When I go to these local competitions, I am not there to become a superstar of the sport. I’m not there to face off against the current rising stars (though you never know who will show up.) When I compete at local competitions, it is a fact-finding mission, and it is an opportunity to exercise a part of myself that I don’t get to exercise in the gym.
To many people, myself included, competitions are innately nerve wracking. I have a hard time sleeping the night before. By the time I step on the mat, I have already wasted my energy on being nervous. However, the more I compete, the less the experience affects me.
I think of competing at local tournaments as being a step down from traveling to bigger competitions to compete, but a step up from training at the gym. When you train at the gym, you cannot fully open up your game. I’ve beaten practitioners who could easily submit me in the gym at competitions because I am willing to injure them if necessary at competitions. Also, when I compete, I try to play to my strengths, whereas when I roll at the gym, I am rolling to improve upon my weaknesses.

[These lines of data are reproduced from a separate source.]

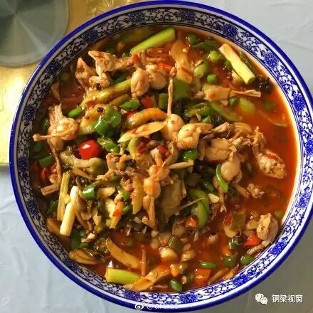 泡椒子姜丝瓜田鸡,肥美多籽泥鳅,米粉蒸肥肠,哐哐哐哐四大盆上桌
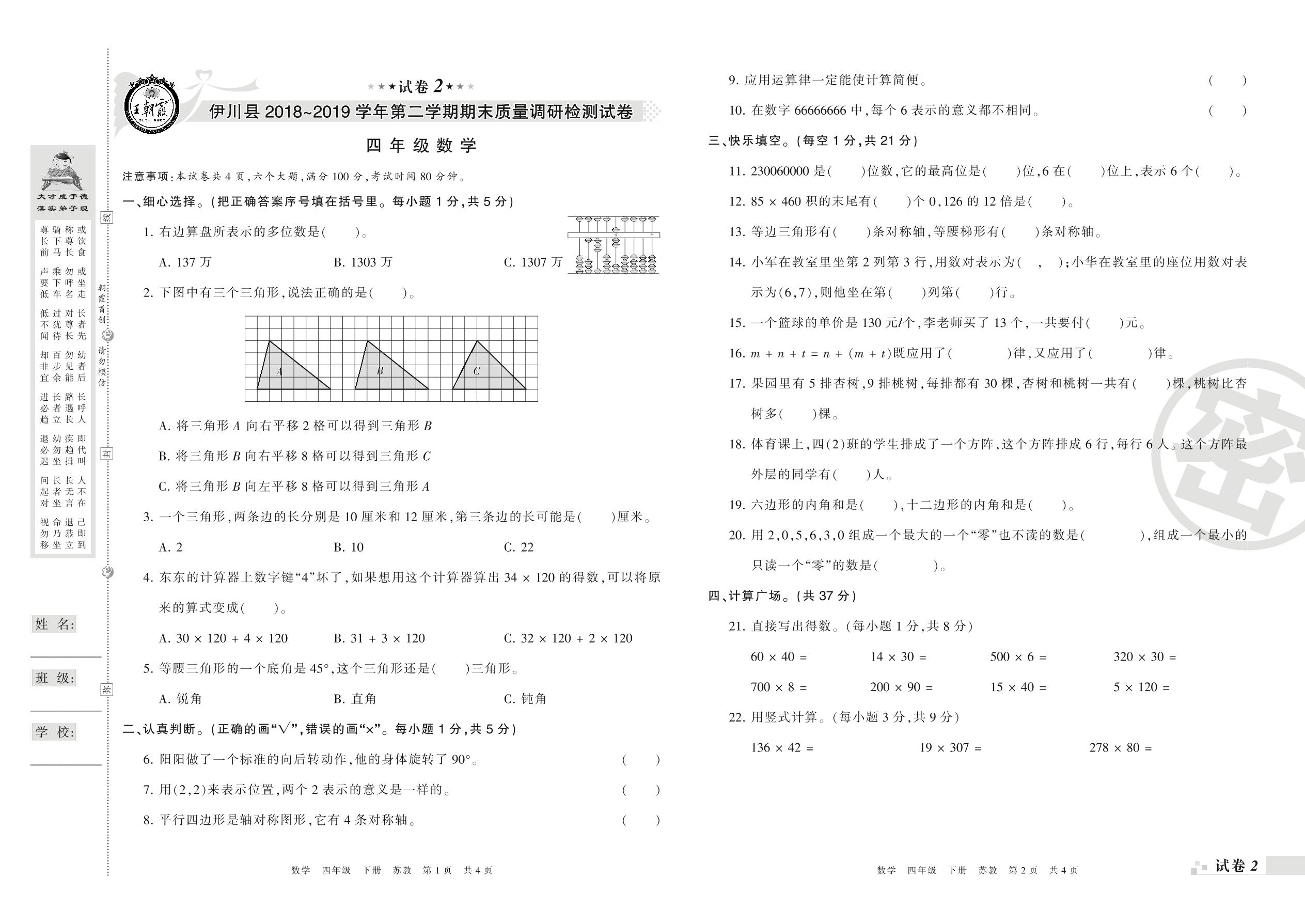 2018-2019学年第二学期洛阳市伊川县四年级数学试卷(苏教版)【2】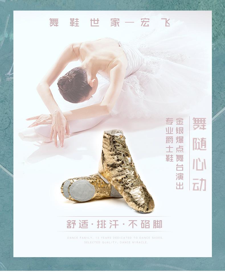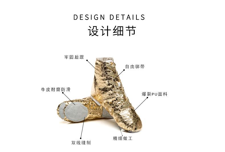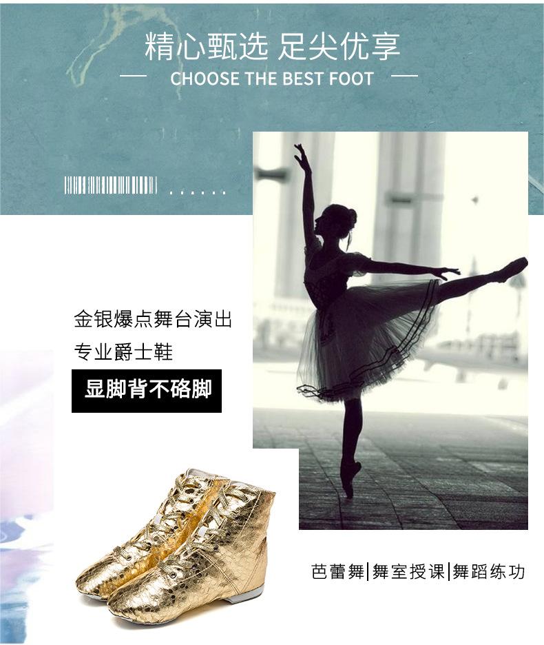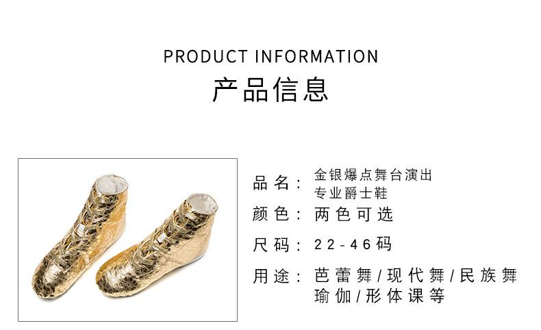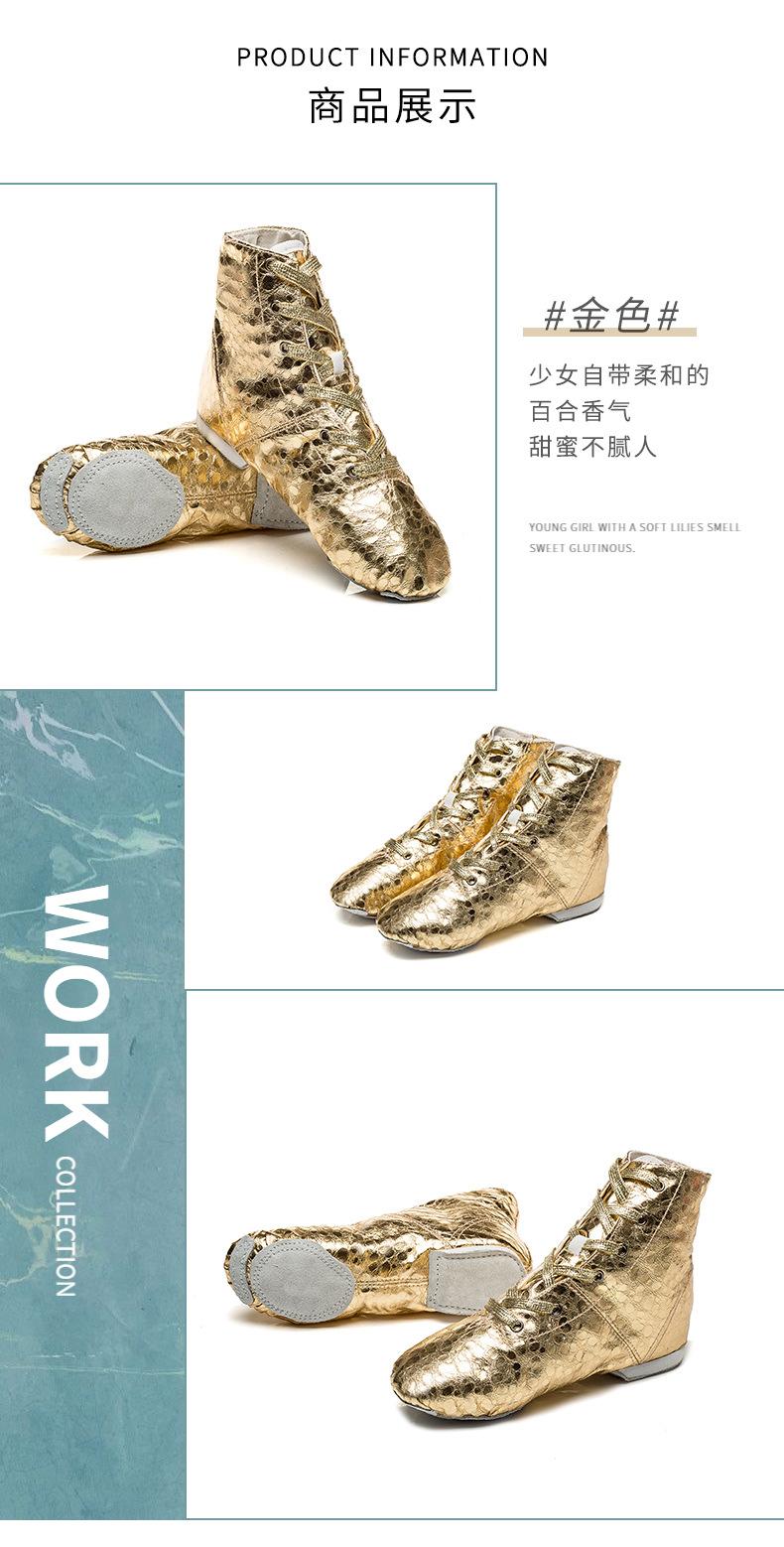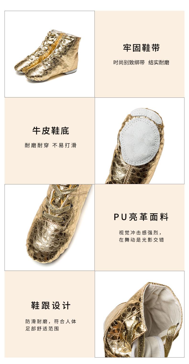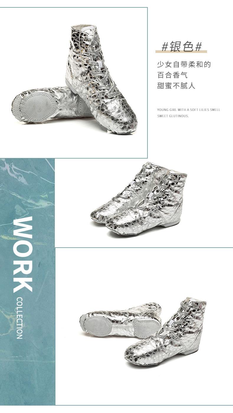 | |  | | Venta al por mayor de zapatos de baile de jazz de caña alta, dorados y plateados, con punta explosiva, zapatos de entrenamiento, zapatos de ballet, botas de jazz de alto rendimiento de PU. ¥35 |  |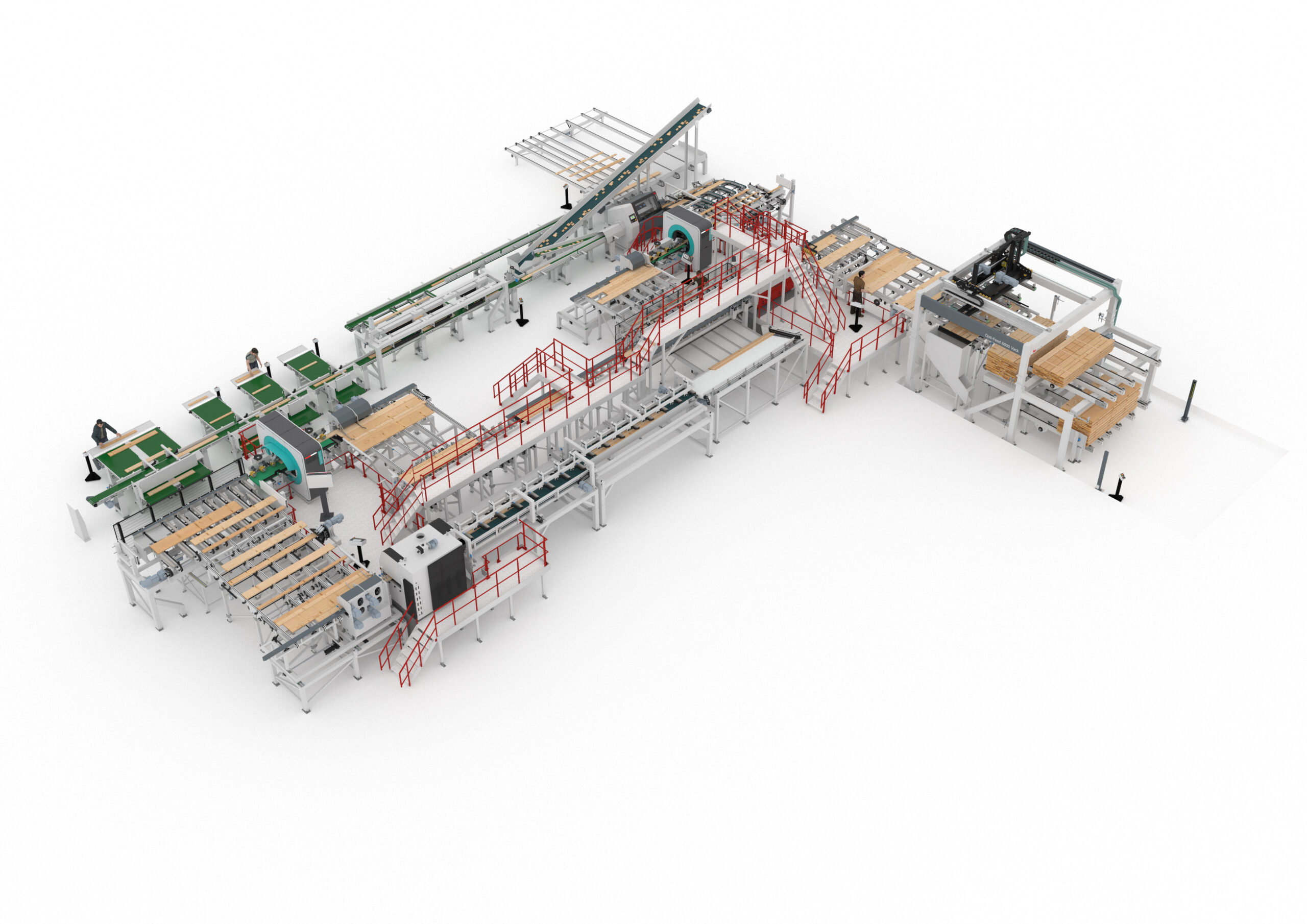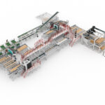 Optimized to fit in a compact space, the cross-cut line starts with an Opti-Feed 6000 Vack that destacks bundles to a planer infeed. There is an additional pack infeed conveyor above the lower conveyor that enables a pack to exit the line in the event of a production change. This allows for seamless material changes without having to remove the next bundle waiting to be destacked.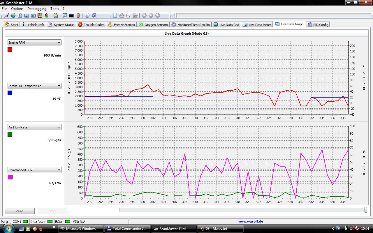 Tady je graf z cca 10km jízdy, trošku ostřejší, aby bylo vidět jak se hýbou hodnoty. Pokud tomu někdo rozumí, ať se prosím vyjádří. Zdá se mi že váha ukazuje malý hodnoty. Maximum kolem 50g/s se mi zdá málo.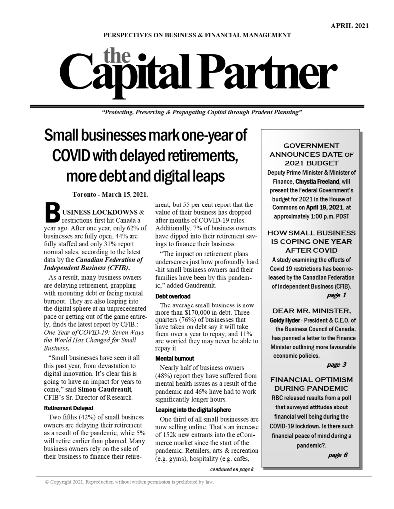 - Small Businesses Mark One Year of COVID – Delayed Retirements, More Debt…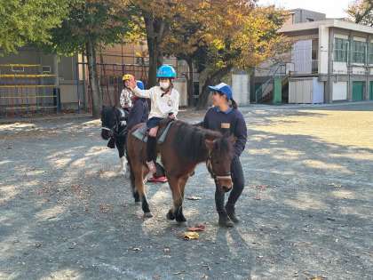 最初は恐る恐るポニーにまたがっていた1年生でしたが、慣れてくると片手を離して手を振ったり、両手を離してポーズを決めたりして、最後には息ぴったりの様子でした。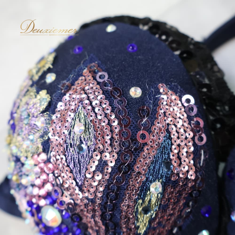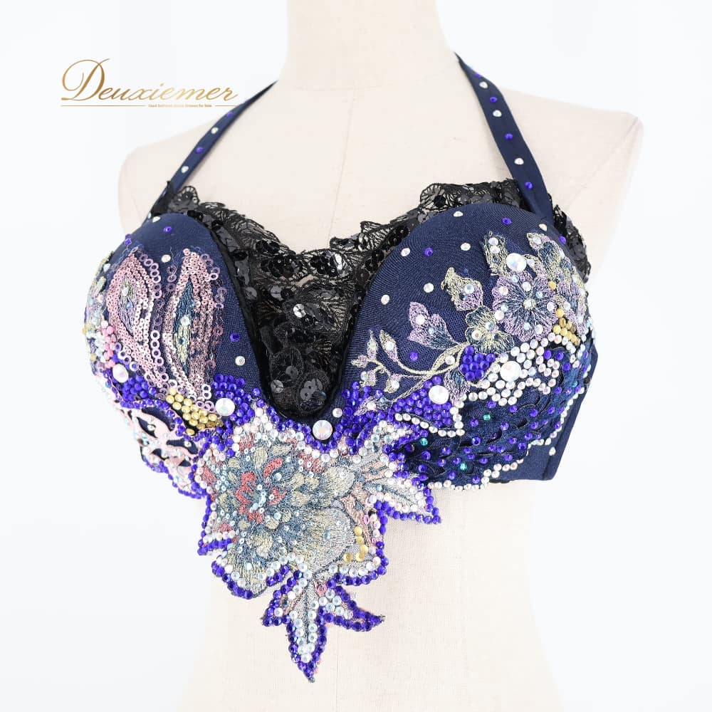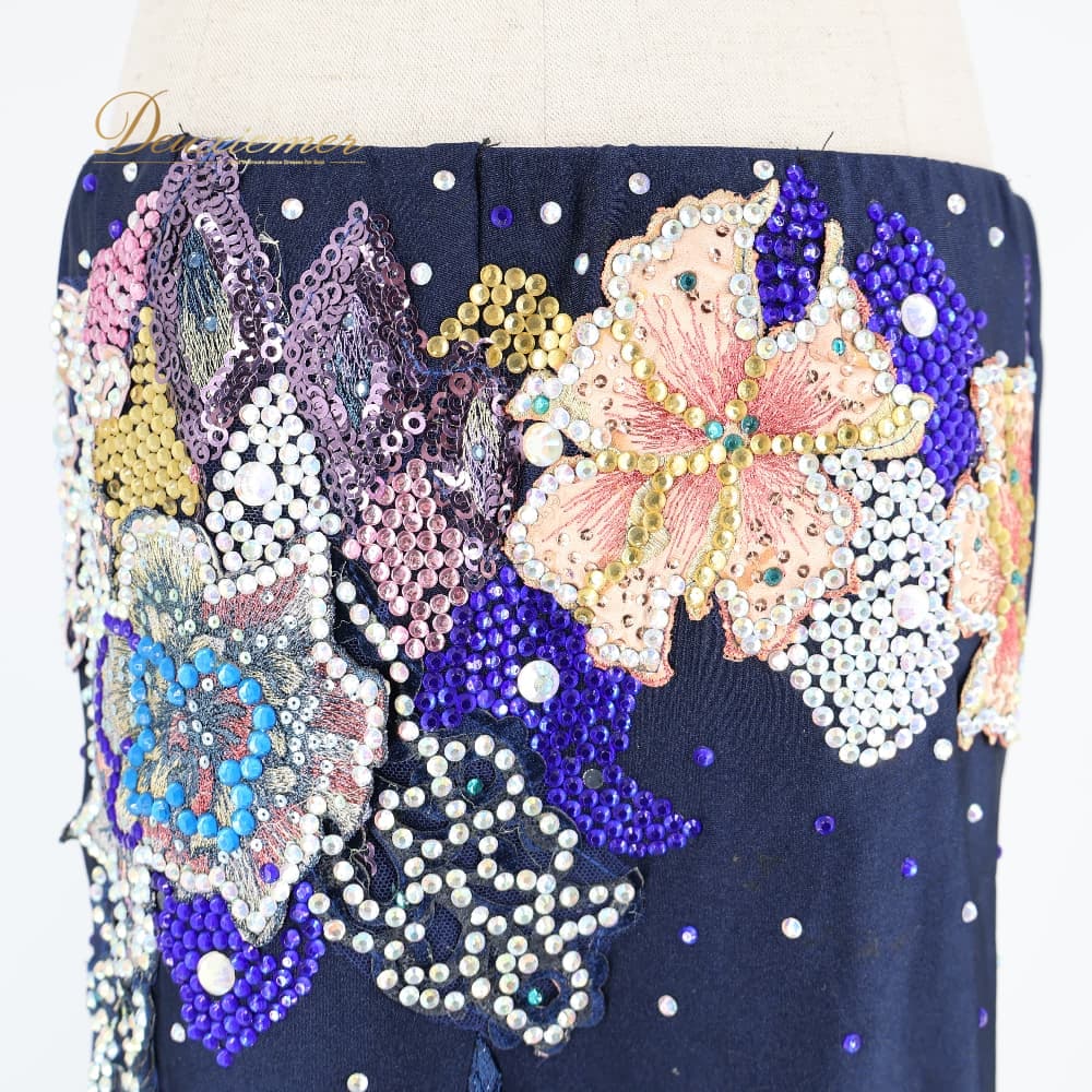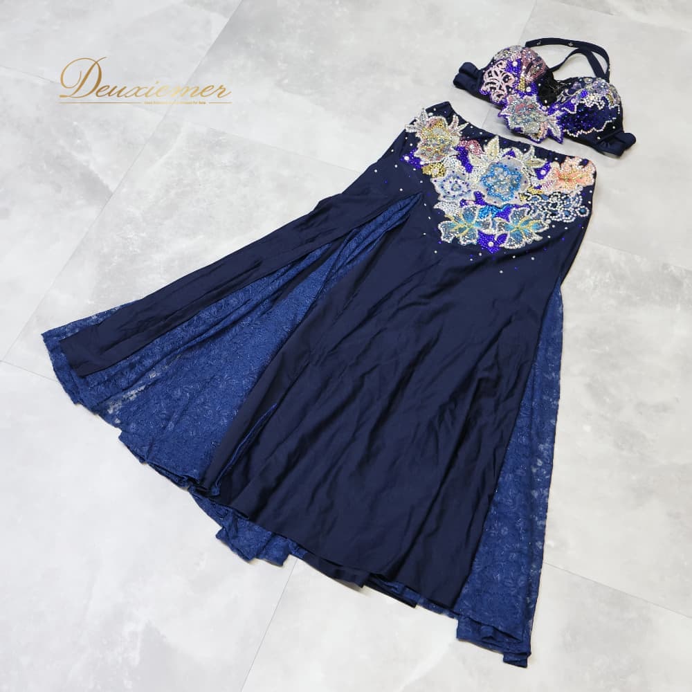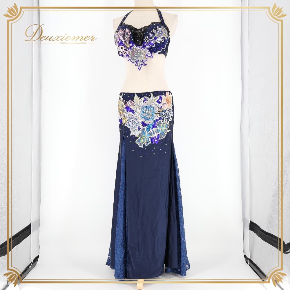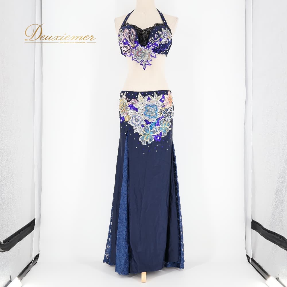ベリーダンス 衣装 上下セット オリエンタル ネイビー系 トップス スカート ラインストーン キラキラ 豪華 装飾 華やか 紺 黒 花 レース スリット ダンス衣装 イベント ステージ ピンク系 パープル系 ブラック系 ブルー系 ゴールド系 シルバー系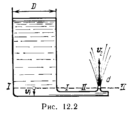 Пример 1. Вода подается в фонтан из большого цилиндрического бака (рис. 19) и бьет из отверстия II—II со скоростью υ2 = 12 м/с. Диаметр D бака равен 2 м, диаметр d сечения II—II равен 2 см. Найти: 1) скорость v1 понижения воды в баке; 2) давление p1, под которым вода подается в фонтан; 3) высоту h1 уровня воды в баке и высоту h2 струи, выходящей из фонтана.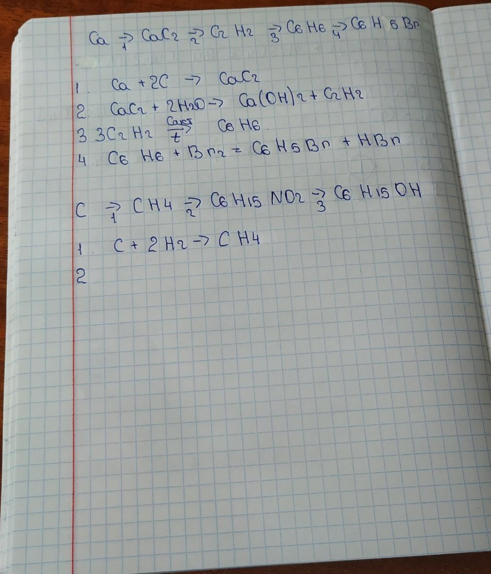 ХИМИЯ, СРОЧНО ,пожалуйста помогите осуществить превращениеСа→СаС2→С2Н2→ С6Н6→ С6Н15Вr, С→СН4 С6Н15NO2 С6Н15OH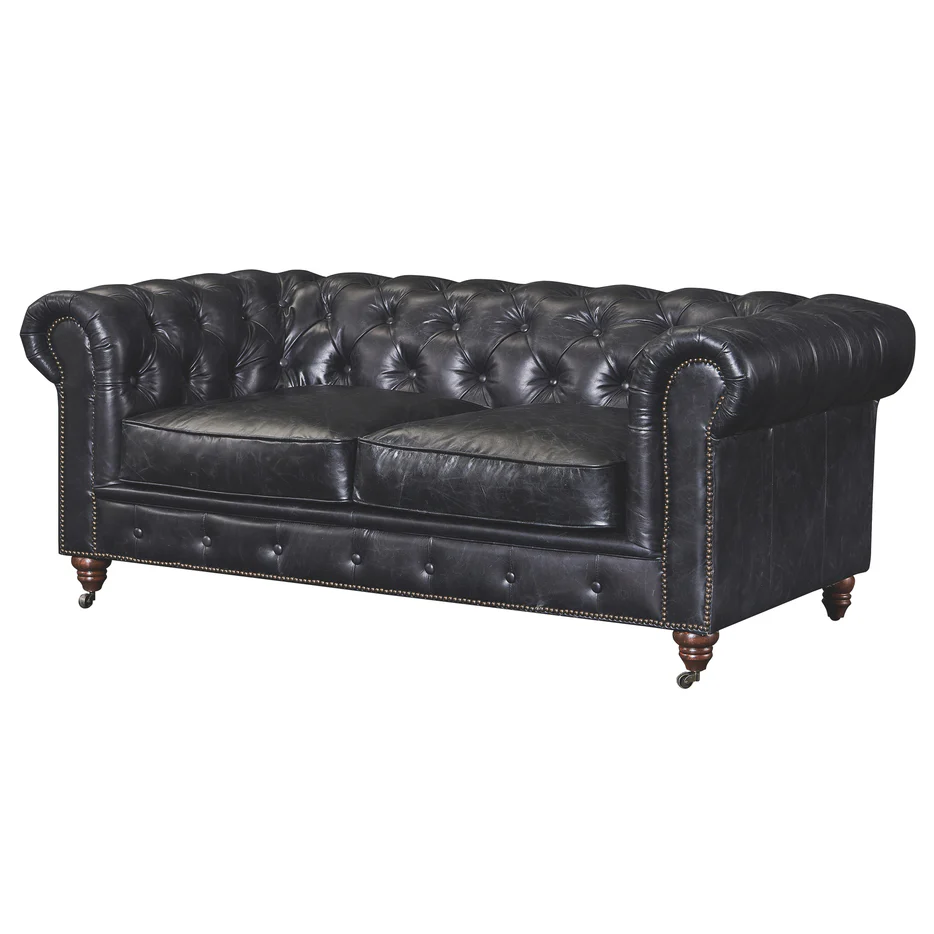 ชื่อผลิตภัณฑ์:โซฟาหนังสีดำสไตล์เชสเตอร์ฟิลด์

Competing at a local tournament gives you an opportunity to take the training wheels off of your game on a more regular basis. I see guys travel cross country and lose in the first round of competitions, and I scratch my head wondering why I didn’t see them at the most recent local competition.
If you want to get good at jiu-jitsu, do lots of jiu-jitsu. If you want to get good at competing in jiu-jitsu, do lots of competing in jiu-jitsu. If you’re an adult with a job, a life and things to do outside of jiu-jitsu, the best way to compete a lot is to follow the local circuit.
Far too often I show up at local events that have been reasonably well-advertised and see tiny turnouts. Everyone wants to go to the bigger national or international circuit tournaments to get those fancy, big, shiny gold medals, but they would rather not waste their time and money at the local tournaments. This may be a mistake.
Attending a local tournament gives you a chance to build up your resistance to the nervousness that you will inevitably experience at the bigger tournaments. If you skip the local tournaments, you will be going in fairly unprepared mentally. Yeah, you can do a lot to get ready in the gym. But at the end of the day, the only way to truly prepare yourself mentally for competition is competing.
The next time a local gym or smaller regional promotion puts on an event close enough to you on a day that you can make it, make a point of showing up. If you attend competitions based on the size and fanciness of the medals they give out, you are competing for the wrong reason. Compete for the experience, because the kind of jiu-jitsu and grappling you will see at competitions is very different from the kinds to which you are normally exposed. Compete to learn about how you handle the stress of competition so that you can begin working on that part of yourself and inoculate yourself from that stress.